The gist of Robot Cache is that it’s a new store that uses a blockchain certificate as a form of DRM. That certificate allows the store to track individual copies of a game so they can be resold. The price is the same as a new copy—you’re really just selling a license to a digital good, so it’s never really “used”—and you get a 25 percent cut put on your credit card, while the publisher gets 70 percent and the store takes 5 percent.

“Used” copies up for sale are put into a queue alongside brand new ones and the sales alternate between new and used copies, so on some sales publishers will get 95%, and on others 70%, as long as there are players selling their games back. Crucially, Jacobson says, you can’t sell a game back in the first 90 days after release, when publishers make the most money.

The “used game sold at retail price” thing kind of threw me for a loop at first, but… no, actually, I’m still looped. I understand the concept that used goods are generally cheaper to account for diminished value, which is not entirely relevant with a digital game. I can also appreciate the obfuscation going on insofar as you never really buy explicitly “used” games on this new store, as the keys will be mixed together with new ones.

But it’s difficult to grok how all this works in practice. Is the resell basically guaranteed then? Or will it sit in a queue until enough licenses have been sold/resold? Are there mechanisms in place for banning users instead of revoking licenses? What happens when you go to resell and there’s a sale on the base game? Hell, that 90-day stipulation all but guarantees that the base game will be at a lower MSRP by the time you’d be eligible to sell your own copy.

What I do enjoy though, is the candor:

While Jacobson said Robot Cache’s goal isn’t to compete with Epic or Steam, it’s notably not a reseller like Humble or GreenmanGaming, selling Steam keys at reduced prices. To some extent it has to compete, because its games will be sold elsewhere, too, sometimes with superior features like the Steam Workshop’s mod support. But it does seem like out of the gate, Robot Cache will actually be more fully featured than Epic’s store with an SDK meant to replicate most of Steamworks’ major features, from multiplayer to chat to cloud saves.

I do not expect Robot Cache to succeed as a storefront.
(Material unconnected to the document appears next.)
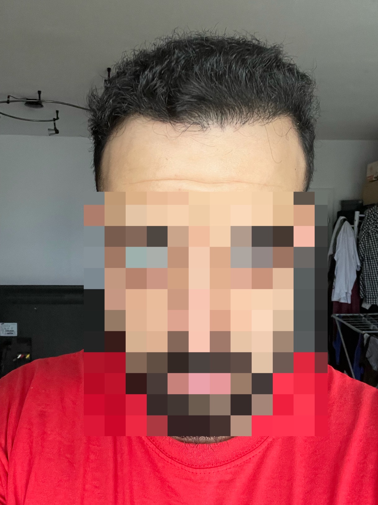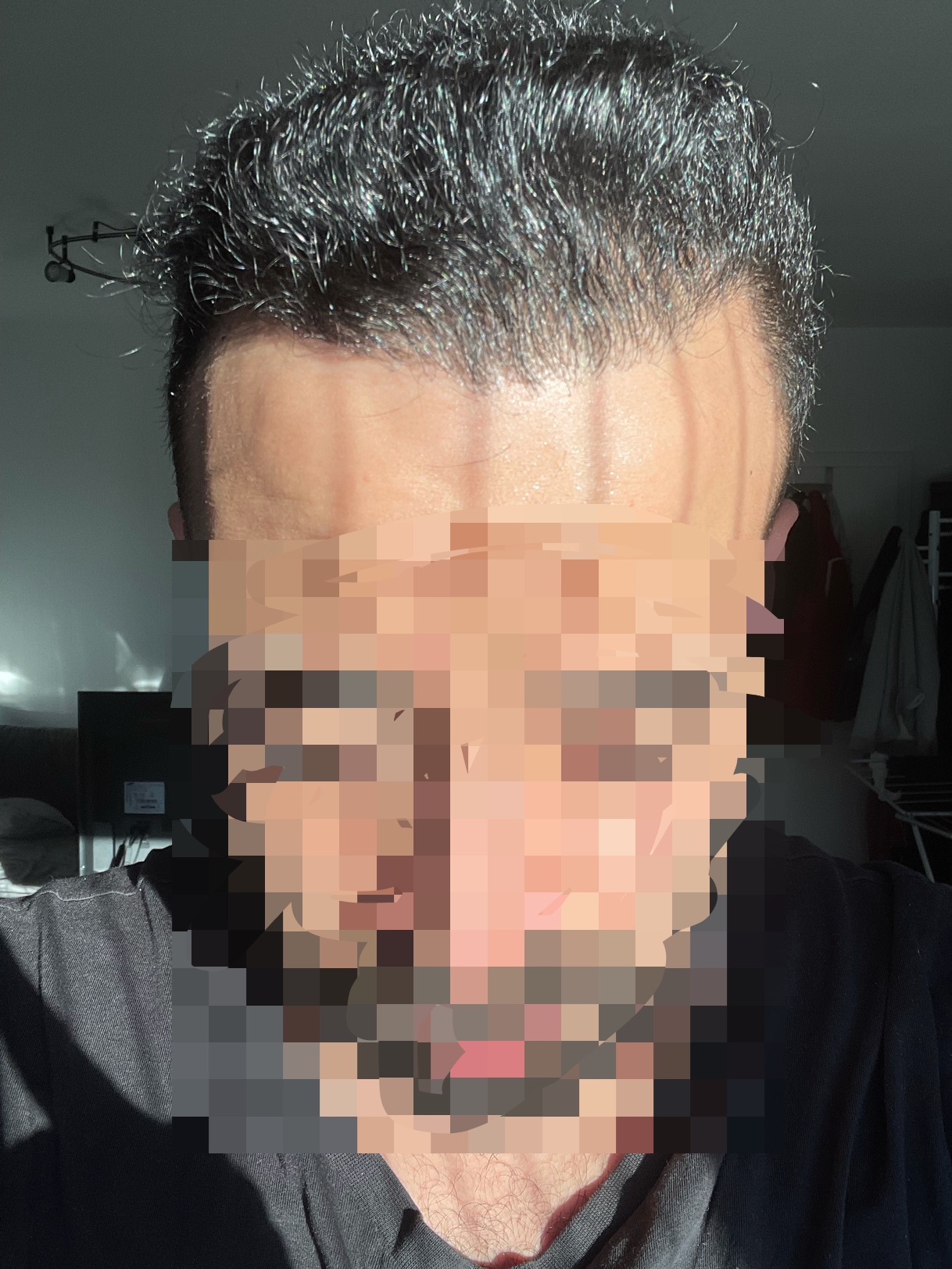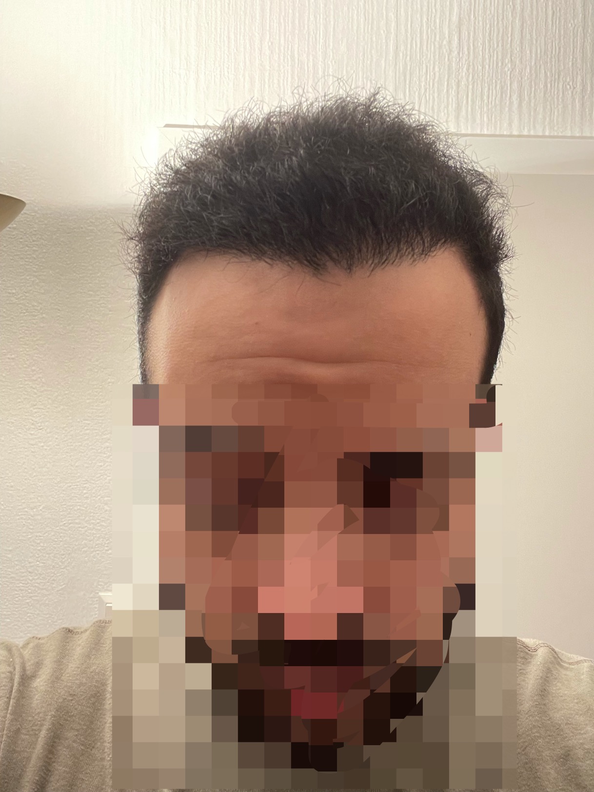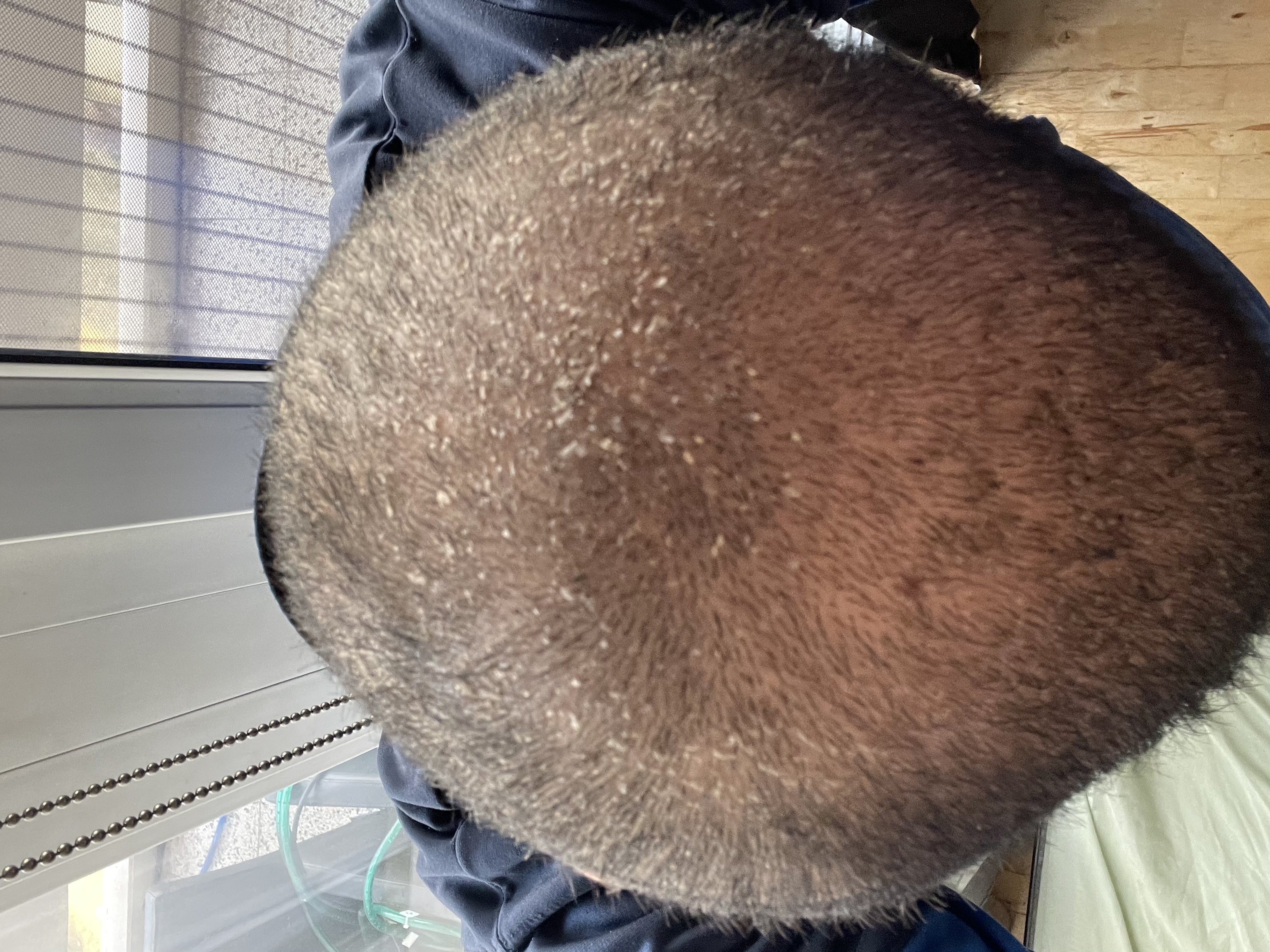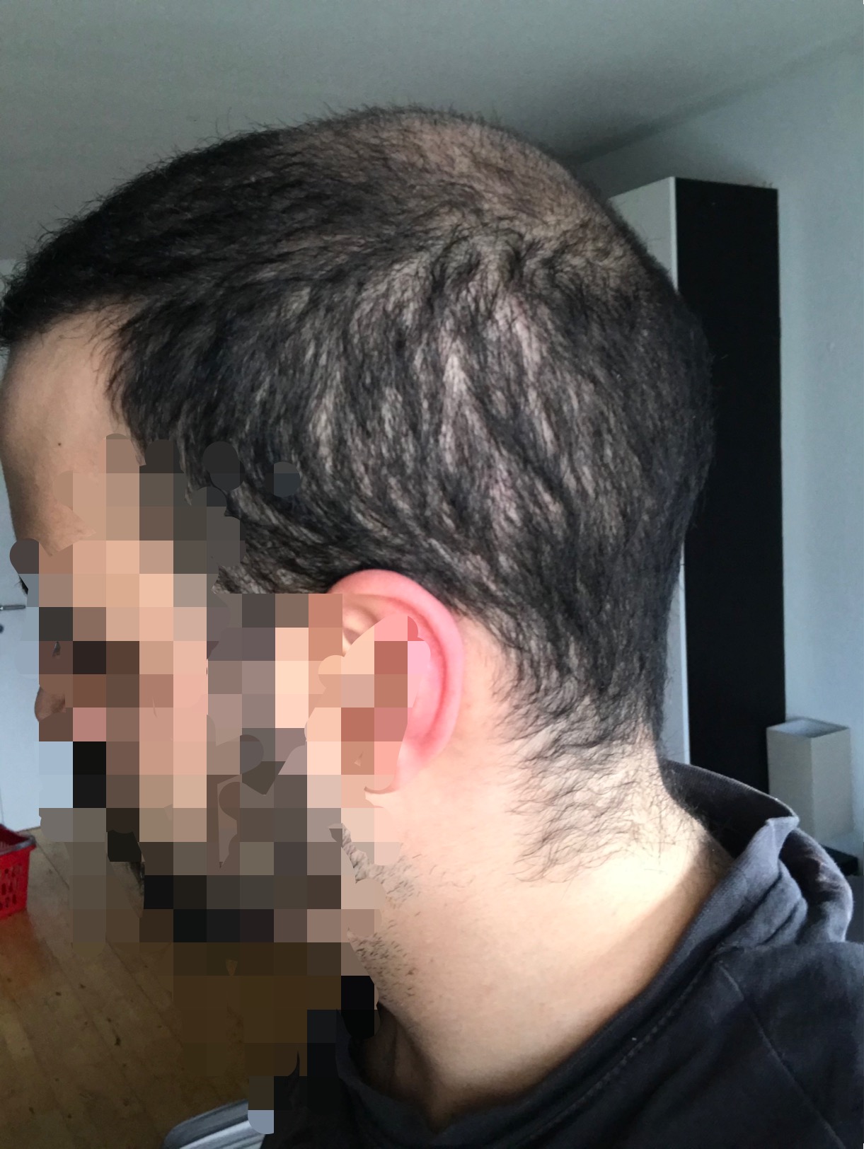 Wenn man meine jetzigen Haarstatus betrachte, merkt man zu den vorherigen Fotos den Schockhaarausfall, den sogenannten "Shock Loss". Das ist aber ganz normal. Die Haare fallen zwar aus, aber die verpflanzte Wurzel bleibt und es kommen neue Haare in den nächsten Wochen zum Vorschein. Also ist Geduld gefragt. Die Klinik empfiehlt 18 Tage nach Op mit unterstützenden Produkten anzufangen. Ich verwende morgens Minoxidil und eine Priorin Tablette und abends das von der Klinik zur Verfügung gestellte Haarserum mit einer Priorin Tablette. Ich verwende auch das Shampoo von der Klinik.
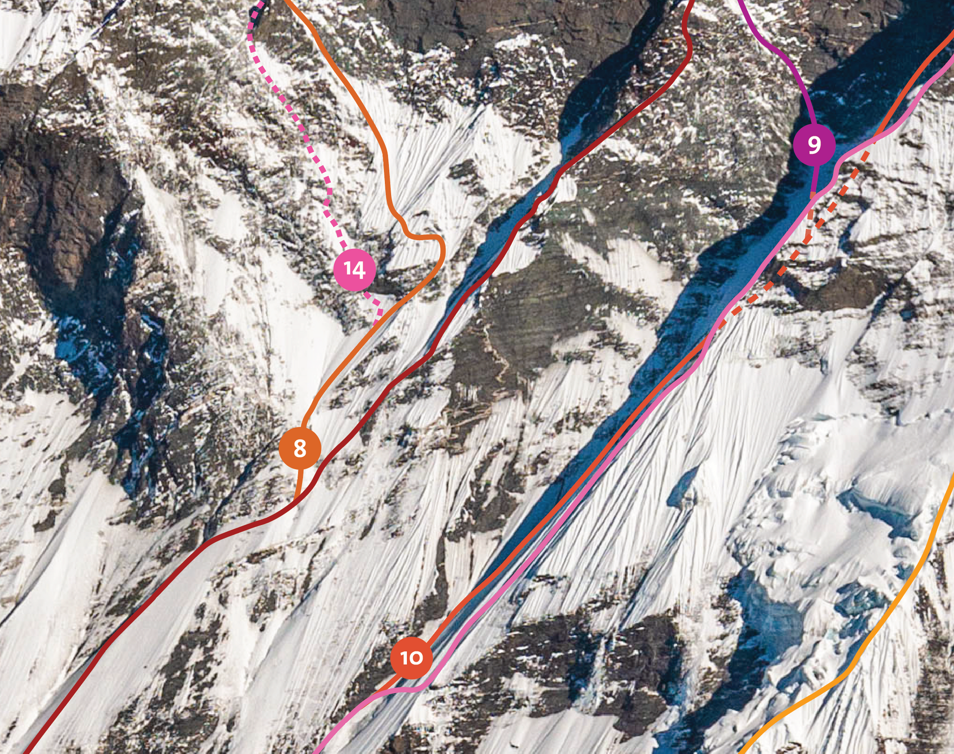 This image was shot from the summit of Imja Tse (also known as Island Peak) and, uniquely for Mont Blanc Lines, also shows all attempts on the face instead of just completed routes. The very disputed solo line of Tomo Cesen is also included.

But I am hopeful that it will be enough of an agitator to possibly move the needle on digital resells in some small way.

Posted on June 14, 2019, in Miscellany and tagged , , , , . Bookmark the permalink. 3 Comments.

  1. Only way this possibly works is if the prices are lower, which it doesn’t sound like they are. That combined with the fact that they aren’t selling Steam keys, so any game you buy there is disconnected from the primary PC gaming hub, and yea, I don’t see it.

    Plus many games today are linked to accounts, with pre-order bonuses and such. How are they handling that? What about consumables or anything multiplayer?

    Like

    • They are likely removing the base game license and reselling just that, so you’ll have pre-order bonuses sitting on your account without a game to apply them to; nobody today expects pre-order bonuses from used games. But otherwise, yeah, it’s a pickle. Don’t most game bans do so on the license key level? Perhaps there will be fine print that says “getting key banned will prevent you from reselling this game.”

      Aside from that though, there are two things to like here. First, that game reselling is a thing at all. And secondly? Technically any game you buy on that storefront will be 25% off (or so) permanently. Assuming you don’t actually have to wait for a buyer to resell your key, that is. Buy a $60 game, finish it, and sell it for $15, making the total outlay $45 instead. Even if the MSRP drops to $40 by the time you can resell it (after 90 days), you’ll still have gotten $10 back, meaning you received ~16% discount. Or, you know, wait until the MSRP hit $40 to begin with, and get it for effectively $30.

      Overall, I am much, much happier with this sort of real competition rather than Epic’s exclusive shenanigans. And it seems as though they are actually implementing all the standard sort of features, like cloud saves and the like.

      Liked by 1 person

  2. Selling the used license as new and giving the publisher a cut is an attempt to get a win-win out of this. Previously used games were actively bad for the publisher as they could conflict with new sales.

    The question I have is what are you getting 25% of? I buy Doom or whatever at $60 new and sell it 3 years later when it retails for $30. Do I get $15 or $7.50?